President of an NGO
"We
do not get used to the misery or the loss of sick people. The only way to react is to fight,”, declares Hakima Himmich, displaying a bobbed
hairstyle and having a sturdy character, whose energy is visible at first
glance.
When the pioneer of the fight
against AIDS in Morocco evokes her years of militancy in the National Union of
Students of Morocco in Paris, the initial impression is confirmed. This doctor and teacher at the Casablanca
Medical School is an early activist in the fight against AIDS: "The
emergence of the disease in the 1980s gave a totally new turn to my career. I have devoted myself entirely to this cause. In 1988, this infectious disease specialist
and former intern of the Paris
Hospitals founded and chaired the AIDS control Association. The goals are numerous, from prevention to
screening, and from access to care or psychosocial care: "We fight on all
fronts and the sick patients die much less”, she says. When Hakima Himmich was
a child, she already knew what she wanted to become and that working was
"the means to become self-sufficient and to achieve equality." As the first person in the family to get her
junior high school degree, she chose - with the complicity of her father, a
noble profession that requires a commitment – to study medicine. While she was exercising her profession in
"the most beautiful hospital in France, the Henri-Mondor hospital in
Créteil", Hakima decided to return to Morocco carried by an ideal: "I
wanted to be useful to my country”, she says.

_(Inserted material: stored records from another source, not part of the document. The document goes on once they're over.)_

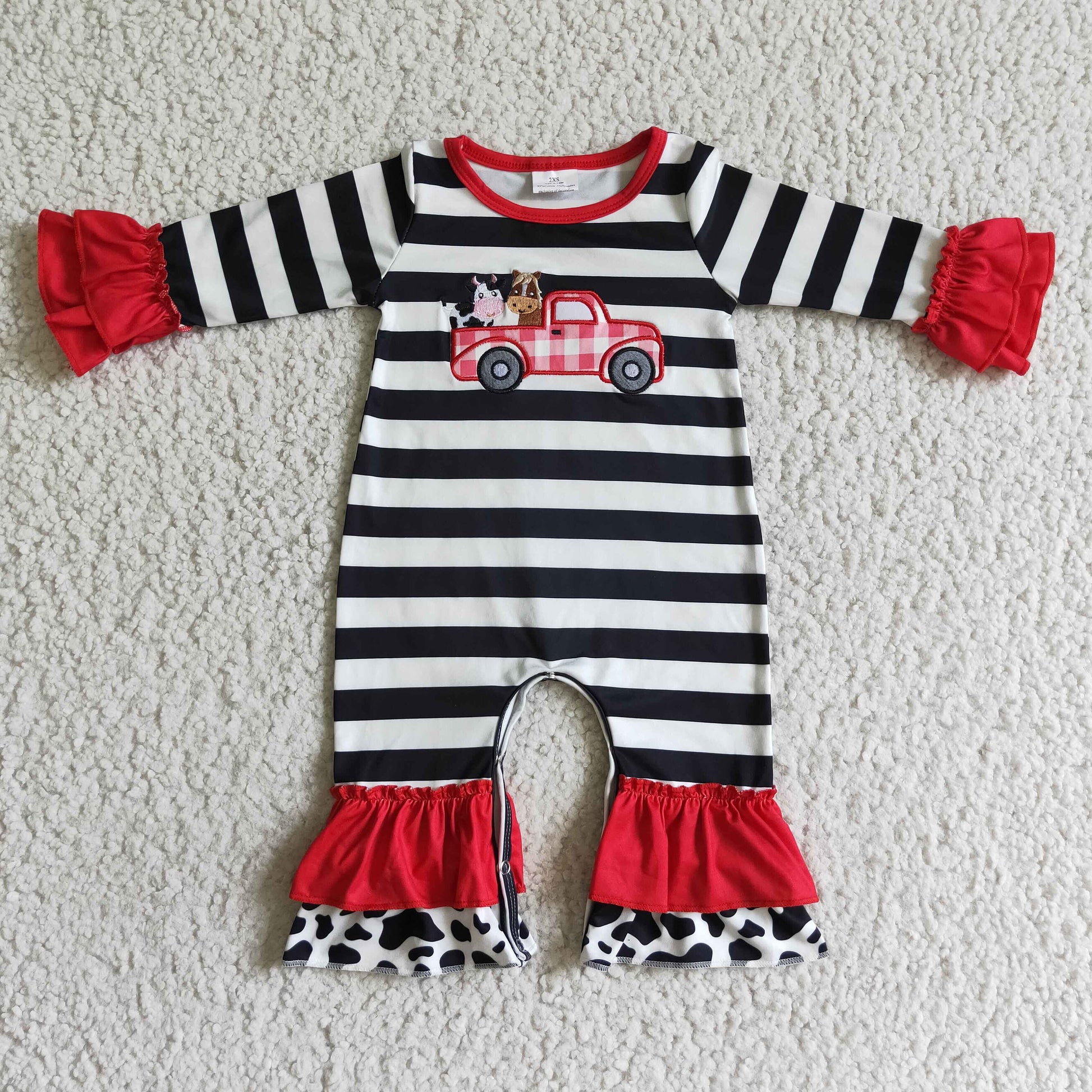USA Shop Baby Girls Baby girls farm tractor stripe ruffle rompers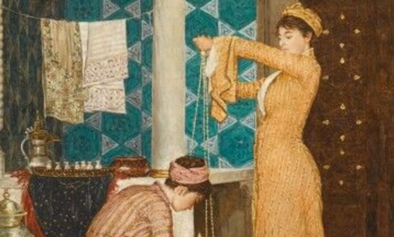Topkapı Sarayı’nın harem kısmı tasvir edilen tabloda, kahve hazırlayan iki genç bayan betimleniyor.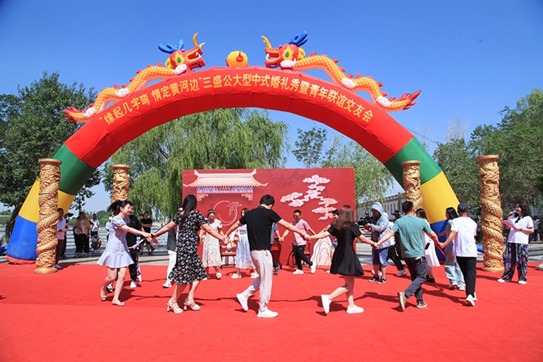 7月的磴口,连空气中都是甜蜜的气味。7月19日8时,在黄河三盛公国家水利风景区喷泉广场上,红地毯、红丝绸承载着浪漫的气息,一场夏日里的甜蜜邂逅正在上演,“缘起几字弯 情定黄河边”三盛公大型中式婚礼秀暨青年联谊交友会在这里浪漫举行。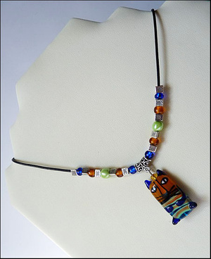 Авторское стекло ручной работы (Чехия), металл, стекло, кожаный шнур (45 см).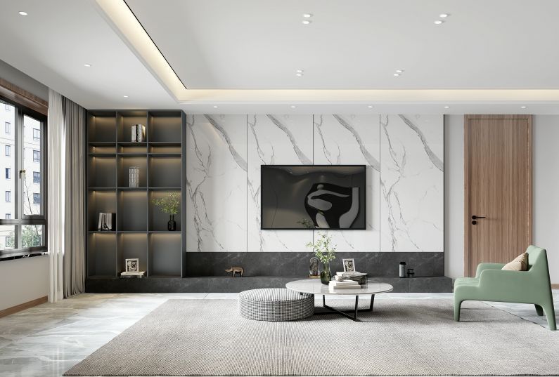 1. 客廳:淺色的墻面搭配地磚,大理石的電視背景墻,灰色的沙發(fā),深色的掛畫點(diǎn)綴整個空間,凸顯時尚的現(xiàn)代感。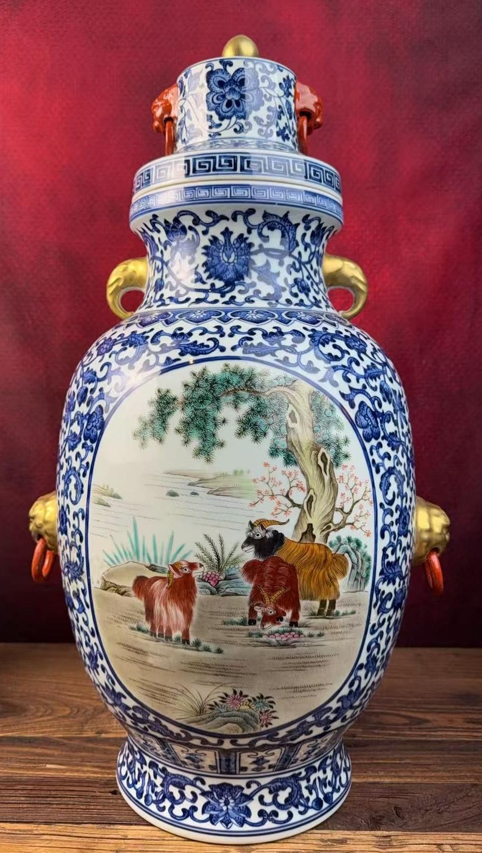 清乾隆青花珐琅彩描金开窗动物纹盖罐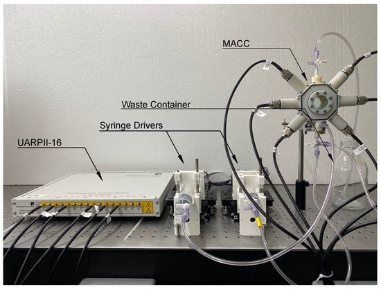 The MACC design has been used to measure the acoustic scattering at the fundamental frequency and second harmonic of SonoVue®microbubbles. The experiment was performed with a 16-channel variant of the Ultrasound Array Research Platform (UARPII-16) developed at the University of Leeds and shown in Figure 5. This open platform allows the connection of 16 single-element transducers and can transmit and receive on all 16 channels simultaneously. The MACC, UARPII-16, and all six unfocused transducers were used to perform an experiment to assess the suitability of the entire setup for microbubble acoustic measurements [33]. Whilst the UARPII-16 was used in this instance, it could have been replaced with another multi-channel system providing access to the radio-frequency data from every channel [34] such as the NDT Vantage™ (Verasonics®, Kirkland, WA, USA) research solutions. Alternatively, a setup consisting of an arbitrary waveform generator, power amplifier, and oscilloscope [7,27,29] could be used, provided this setup accommodates six channels.

Her involvement, which did not
weaken in more than forty years, resulted in the awarding to this wife and
mother of two boys, a Wissam (royal decoration) in Morocco and the Legion of
Honor in France. Since
2013, this tireless worker is president of “Coalition PLUS”, an international
union of twelve major AIDS control organizations from five continents. She is also a member of the Board of Directors
of the Mohammed V Foundation for Solidarity.